RIP to the AI grift industrial complex; chatbots are changing companionship; "vibe coding" is now a thing; Gen Z turns towards AI-powered search; the Anthropic Economic Index shows AI usage globally
AI crawlers threaten to make the internet more closed; new research could shape our chatbots' political preferences; AI is more empathetic than a customer support agent;
The most meaningful achievement of the AI Action Summit in Paris is not what happened at the event, but in fact what we didn’t see. For the first time at a global AI event, the AI grift industrial complex, comprised of alarmists, doomers, skeptics, privacy and safety fanatics, and other conspiracy theorists, was relegated to where they’ve always belonged: at fringe events, preaching to their cleverly-named think tanks and foundations, without anyone who actually matters in the world of AI in attendance.
Let’s start with the doomers. For more than two years, we’ve had to endure the droning of a vocal group who have hijacked the public discourse, spinning doomsday scenarios with the fervor of sci-fi novelists.

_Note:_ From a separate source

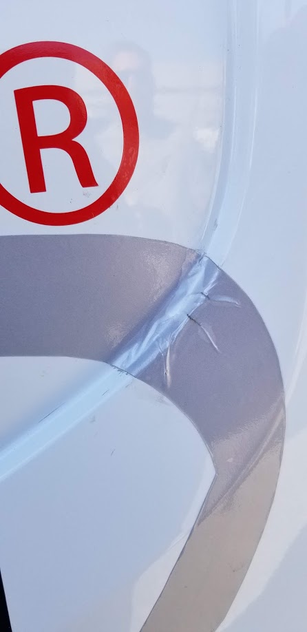 We asked Jeff to send someone over to remove all the vinyl and told him we would have another company redo it. Somebody at **** decided that the sides looked "OK" so they only removed the back artwork. The sides are not "OK", vinyl is peeling away and they made a mistake on the artwork (that they created in 2001) and say that because I signed off on it, they are not responsible for mistakes) A detail like this is only obvious once it's blown up to five feet tall, not in a jpeg.

They’ve built an entire ecosystem around their personal fears and insecurities, and then convinced themselves (and, unfortunately, far too many journalists and policymakers) that they had uncovered the ultimate existential threats to humanity.
The launch of ChatGPT gave the doomers the perfect moment to pounce: pointing to the outputs from large language models as proof that AI was on the brink of surpassing human intelligence, they started shouting to anyone who’d listen that this technology was spiraling out of control. Unfortunately, enough people listened and thus a moral panic was created that led to clumsy, shortsighted regulations like the EU AI Act and AI safety theather such as the AI Safety Summit in the UK—events that served mostly to amplify the doom-laden rhetoric, with no basis in reality. Europe, in particular, has paid the price, burdening itself with restrictive policies that are now proving to be ineffective, difficult to implement, and out of date.
However, while everyone was distracted by speculative disaster scenarios, actually urgent AI risks were pushed down the policy agenda. Non-consensual deepfakes—especially those involving children or women—were allowed to become a widespread problem. Real people suffering real harm, yet these issues barely registered in the broader AI safety debate. Why? Because tackling them required hard work, not grand philosophical musings about AGI doom. Also maybe because the majority of the AI doomers were middle-aged men who cared less about helping the people around them, and more about the perceived prestige of having been at the center of a technological revolution.
The general consensus now is that most of the doomer arguments amounted to little more than hand-waving and logical fallacies. Just today, the UK refocused the doomer-influenced AI Safety Institute to work on more practical outcomes, rebranding it as the AI Security Institute.
On the opposite end of the spectrum, we have the AI skeptics—people who have staked their entire persona on the belief that AI progress is overhyped and that every advancement is just smoke and mirrors. These individuals, often way too online and with no meaningful professional accomplishments, have built careers out of contrarianism.
Their primary skill? Cultivating a loyal band of social media followers who take every word they post as gospel. Their output? An endless stream of human slop in the form of newsletters and podcasts that repackage the same tired talking points: AI is a bubble, AI companies are scamming investors, nothing really works, and progress is an illusion. They circle the same arguments like a broken record, convincing themselves they’re the only ones who see through the “hype.” Meanwhile, the actual world—where AI is transforming industries, accelerating scientific discovery, and reshaping the way we work—moves on without them.
Then, we have privacy and safety warriors—some of whom once built their entire online persona around working for Big Tech, and now spend their time on LinkedIn rewriting history. These individuals almost always start their posts with “When I was at Meta/Google...” before launching into a self-righteous, often context-free, tirade about the supposed dangers of AI. In reality, their actual impact inside those companies was usually minimal, but that doesn’t stop them from branding themselves as the lone ethical voices fighting against the machine.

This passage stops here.